Folha de S. Paulo
Propaganda renova guerra cultural para
escapar de notícias ruins em outras áreas
Eduardo Pazuello produziu uma pérola em seu
depoimento à CPI da Covid, em maio. Quando senadores perguntaram sobre a ordem
de Jair Bolsonaro para cancelar a compra da Coronavac, o ex-ministro disse
que aquela
tinha sido só uma "posição de internet", sem prejuízos para a
vacinação. Nem o presidente deve ter acreditado no papo do general.
Bolsonaro gosta de jogar para a plateia e comanda um governo movido a incompetência pura. Mas também sabe acionar os botões da máquina de destruição operada por seus subordinados –tanto que, horas depois da "posição de internet" sobre a Coronavac, o número dois do Ministério da Saúde anunciou que não havia acordo para adquirir a vacina.

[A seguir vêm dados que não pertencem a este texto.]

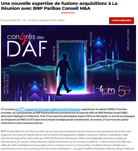 À l’occasion du 11ème Congrès des Directeurs Administratif et Financier organisé par le cabinet HDM le 9 octobre prochain, les représentants de BNP Paribas Réunion présenteront la nouvelle offre de BNP Paribas Conseil M&A, désormais déployée à La Réunion.
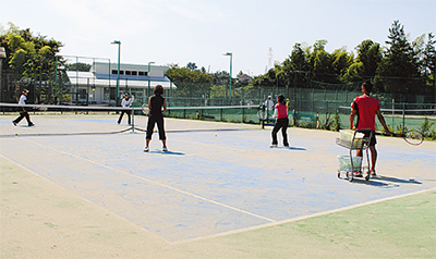 地元に愛されて今年で33年の同クラブ。緑に囲まれた閑静なクラブで、健康維持やスキルアップなどさまざまな目的で幅広い世代の会員がテニスを楽しんでいる。日の出と同時に利用できるのも人気の秘訣だ。
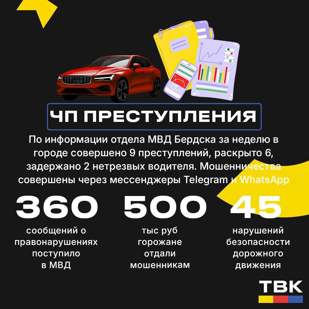 О происшествиях и преступлениях с аппаратного совещания в Бердске в инфографике от ТВК. Подробнее в нашем сюжете. #инфографика_ТВК #преступления #мошенничество

As tentativas de interferência no Enem
seguem esse mesmo processo. Assim que foi eleito, Bolsonaro avisou que cortaria
do exame questões ligadas a temas de sexualidade e gênero. Acrescentou que
faria isso porque o governo passaria a "tomar
conhecimento da prova antes".
O presidente apertou a tecla. No início do
mandato, uma comissão vetou perguntas consideradas sensíveis, e o exame deixou
de abordar a ditadura militar pela primeira vez desde 2009. Depois, o órgão
responsável pelo Enem propôs a criação de um tribunal para analisar a adequação
da prova a "valores morais".
Nas últimas semanas, servidores dizem ter
sofrido pressão para alterar o exame deste ano. Bolsonaro alegou que a prova
era um instrumento de "ativismo político" e que as questões passariam
a ter "a cara do governo". O pastor Milton Ribeiro, ministro da
Educação, negou
que tenha recebido "ordem de cima" para fazer uma devassa
ideológica no Enem. Nem precisava.
A educação é o campo de batalha favorito de
Bolsonaro em sua guerra cultural. Quando precisa escapar de notícias ruins e
animar sua base, o presidente espalha desinformação sobre escolas e faz
investidas políticas contra universidades. Com a economia patinando, ele deve
renovar seu rol de absurdos nessa área para reconquistar o voto conservador.